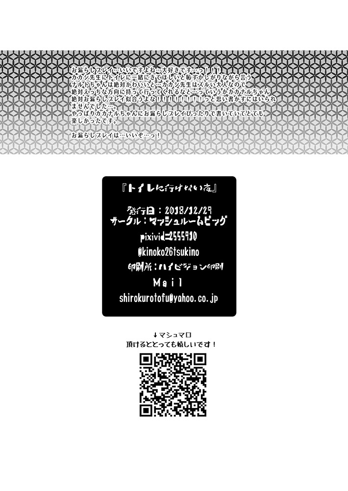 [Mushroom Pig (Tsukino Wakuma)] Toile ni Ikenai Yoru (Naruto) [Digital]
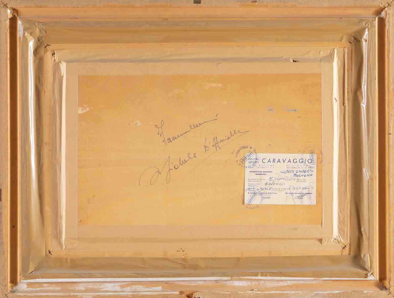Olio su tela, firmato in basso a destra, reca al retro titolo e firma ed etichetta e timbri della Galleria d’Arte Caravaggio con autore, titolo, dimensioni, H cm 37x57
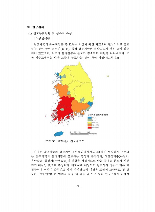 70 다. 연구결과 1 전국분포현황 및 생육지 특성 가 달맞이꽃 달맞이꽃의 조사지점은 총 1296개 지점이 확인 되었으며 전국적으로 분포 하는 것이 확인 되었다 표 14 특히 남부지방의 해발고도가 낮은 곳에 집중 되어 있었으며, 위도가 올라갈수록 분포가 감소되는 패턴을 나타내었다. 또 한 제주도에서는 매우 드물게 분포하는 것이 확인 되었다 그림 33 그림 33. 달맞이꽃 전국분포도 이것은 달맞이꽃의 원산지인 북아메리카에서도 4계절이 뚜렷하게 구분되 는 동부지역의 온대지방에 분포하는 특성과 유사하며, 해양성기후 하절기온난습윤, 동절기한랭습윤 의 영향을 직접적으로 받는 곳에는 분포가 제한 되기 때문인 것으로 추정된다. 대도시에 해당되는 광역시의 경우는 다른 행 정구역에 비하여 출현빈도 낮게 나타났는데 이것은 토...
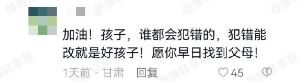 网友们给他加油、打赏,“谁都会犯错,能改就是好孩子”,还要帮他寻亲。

== WHAT IS EXPECTED ==
Reproduce the data word for word, excluding its pictures.

== RESPONSE AREA ==
 [Mushroom Pig (Tsukino Wakuma)] Toile ni Ikenai Yoru (Naruto) [Digital]
Olio su tela, firmato in basso a destra, reca al retro titolo e firma ed etichetta e timbri della Galleria d’Arte Caravaggio con autore, titolo, dimensioni, H cm 37x57
 70 다. 연구결과 1 전국분포현황 및 생육지 특성 가 달맞이꽃 달맞이꽃의 조사지점은 총 1296개 지점이 확인 되었으며 전국적으로 분포 하는 것이 확인 되었다 표 14 특히 남부지방의 해발고도가 낮은 곳에 집중 되어 있었으며, 위도가 올라갈수록 분포가 감소되는 패턴을 나타내었다. 또 한 제주도에서는 매우 드물게 분포하는 것이 확인 되었다 그림 33 그림 33. 달맞이꽃 전국분포도 이것은 달맞이꽃의 원산지인 북아메리카에서도 4계절이 뚜렷하게 구분되 는 동부지역의 온대지방에 분포하는 특성과 유사하며, 해양성기후 하절기온난습윤, 동절기한랭습윤 의 영향을 직접적으로 받는 곳에는 분포가 제한 되기 때문인 것으로 추정된다. 대도시에 해당되는 광역시의 경우는 다른 행 정구역에 비하여 출현빈도 낮게 나타났는데 이것은 토...
 网友们给他加油、打赏,“谁都会犯错,能改就是好孩子”,还要帮他寻亲。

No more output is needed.